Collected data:
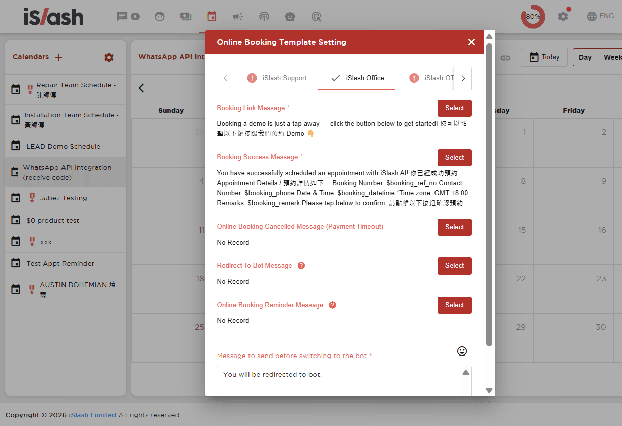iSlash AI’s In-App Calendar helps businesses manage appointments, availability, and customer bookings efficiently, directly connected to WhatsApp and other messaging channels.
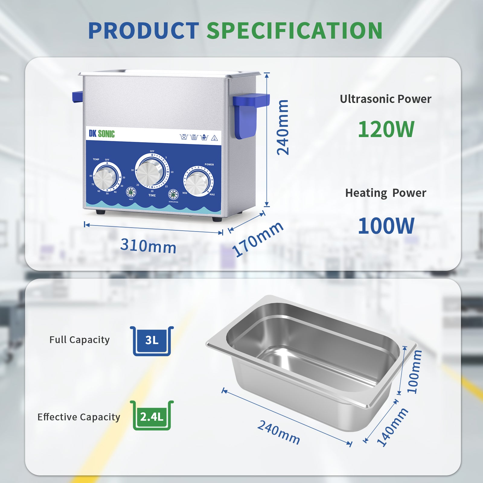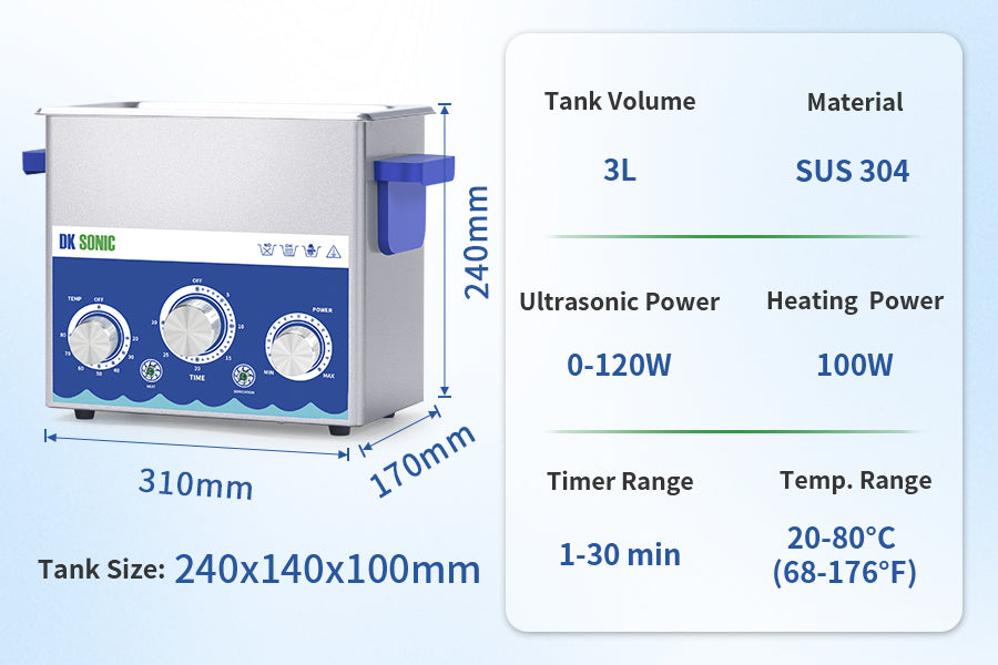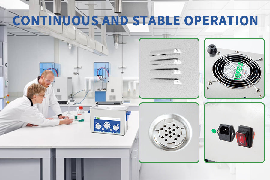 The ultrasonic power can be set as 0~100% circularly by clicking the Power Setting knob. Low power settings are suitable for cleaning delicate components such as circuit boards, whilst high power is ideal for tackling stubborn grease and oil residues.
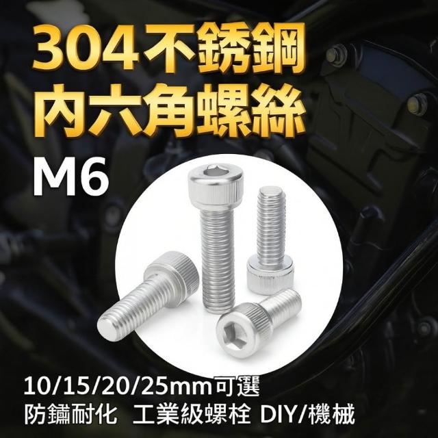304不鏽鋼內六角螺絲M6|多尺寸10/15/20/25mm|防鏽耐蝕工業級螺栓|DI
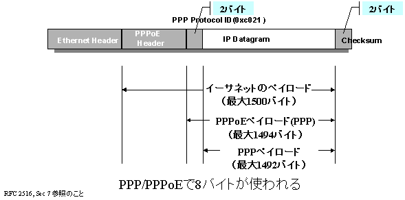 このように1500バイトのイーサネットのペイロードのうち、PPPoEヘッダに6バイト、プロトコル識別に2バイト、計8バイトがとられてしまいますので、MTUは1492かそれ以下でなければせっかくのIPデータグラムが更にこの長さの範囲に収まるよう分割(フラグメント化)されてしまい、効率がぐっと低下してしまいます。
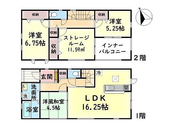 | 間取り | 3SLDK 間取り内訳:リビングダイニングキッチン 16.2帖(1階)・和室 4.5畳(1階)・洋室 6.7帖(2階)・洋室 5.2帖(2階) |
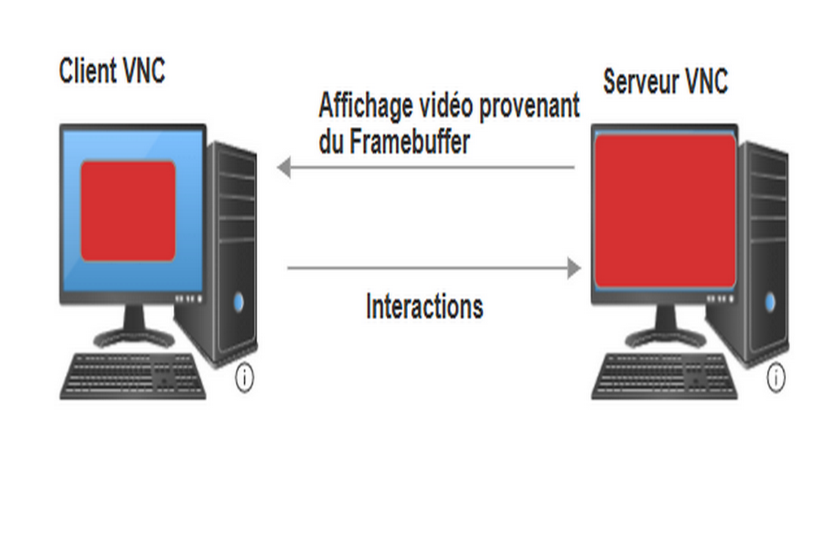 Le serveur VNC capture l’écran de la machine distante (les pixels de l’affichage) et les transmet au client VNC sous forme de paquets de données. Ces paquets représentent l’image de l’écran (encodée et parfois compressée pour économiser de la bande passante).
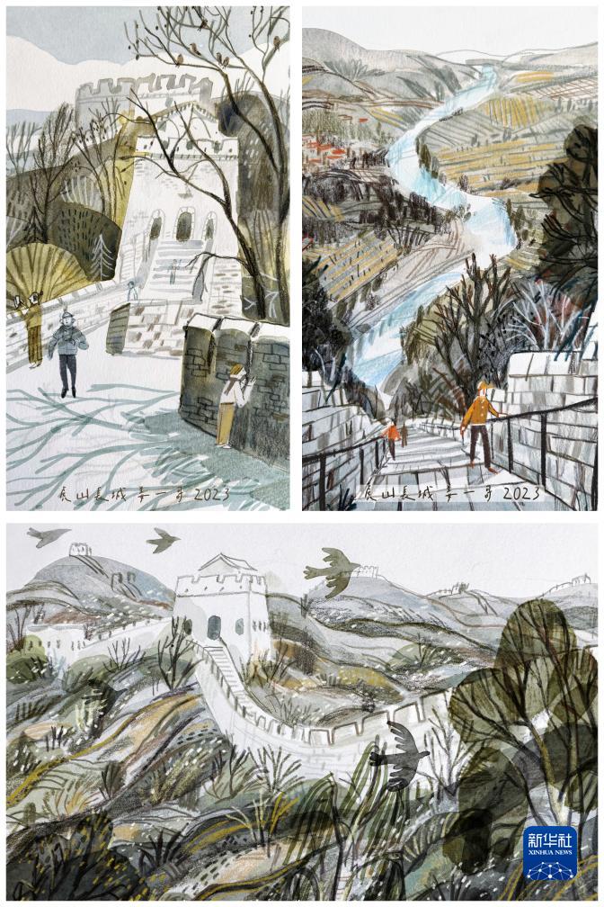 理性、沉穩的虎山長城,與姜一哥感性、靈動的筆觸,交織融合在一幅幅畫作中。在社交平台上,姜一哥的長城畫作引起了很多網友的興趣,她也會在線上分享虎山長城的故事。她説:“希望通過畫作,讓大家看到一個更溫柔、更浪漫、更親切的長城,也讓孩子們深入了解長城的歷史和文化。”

• [Exercise aim] Output all of the data exactly as it stands, minus any images.

• [Completed task]
iSlash AI’s In-App Calendar helps businesses manage appointments, availability, and customer bookings efficiently, directly connected to WhatsApp and other messaging channels.
 The ultrasonic power can be set as 0~100% circularly by clicking the Power Setting knob. Low power settings are suitable for cleaning delicate components such as circuit boards, whilst high power is ideal for tackling stubborn grease and oil residues.
304不鏽鋼內六角螺絲M6|多尺寸10/15/20/25mm|防鏽耐蝕工業級螺栓|DI
 このように1500バイトのイーサネットのペイロードのうち、PPPoEヘッダに6バイト、プロトコル識別に2バイト、計8バイトがとられてしまいますので、MTUは1492かそれ以下でなければせっかくのIPデータグラムが更にこの長さの範囲に収まるよう分割(フラグメント化)されてしまい、効率がぐっと低下してしまいます。
 | 間取り | 3SLDK 間取り内訳:リビングダイニングキッチン 16.2帖(1階)・和室 4.5畳(1階)・洋室 6.7帖(2階)・洋室 5.2帖(2階) |
 Le serveur VNC capture l’écran de la machine distante (les pixels de l’affichage) et les transmet au client VNC sous forme de paquets de données. Ces paquets représentent l’image de l’écran (encodée et parfois compressée pour économiser de la bande passante).
 理性、沉穩的虎山長城,與姜一哥感性、靈動的筆觸,交織融合在一幅幅畫作中。在社交平台上,姜一哥的長城畫作引起了很多網友的興趣,她也會在線上分享虎山長城的故事。她説:“希望通過畫作,讓大家看到一個更溫柔、更浪漫、更親切的長城,也讓孩子們深入了解長城的歷史和文化。”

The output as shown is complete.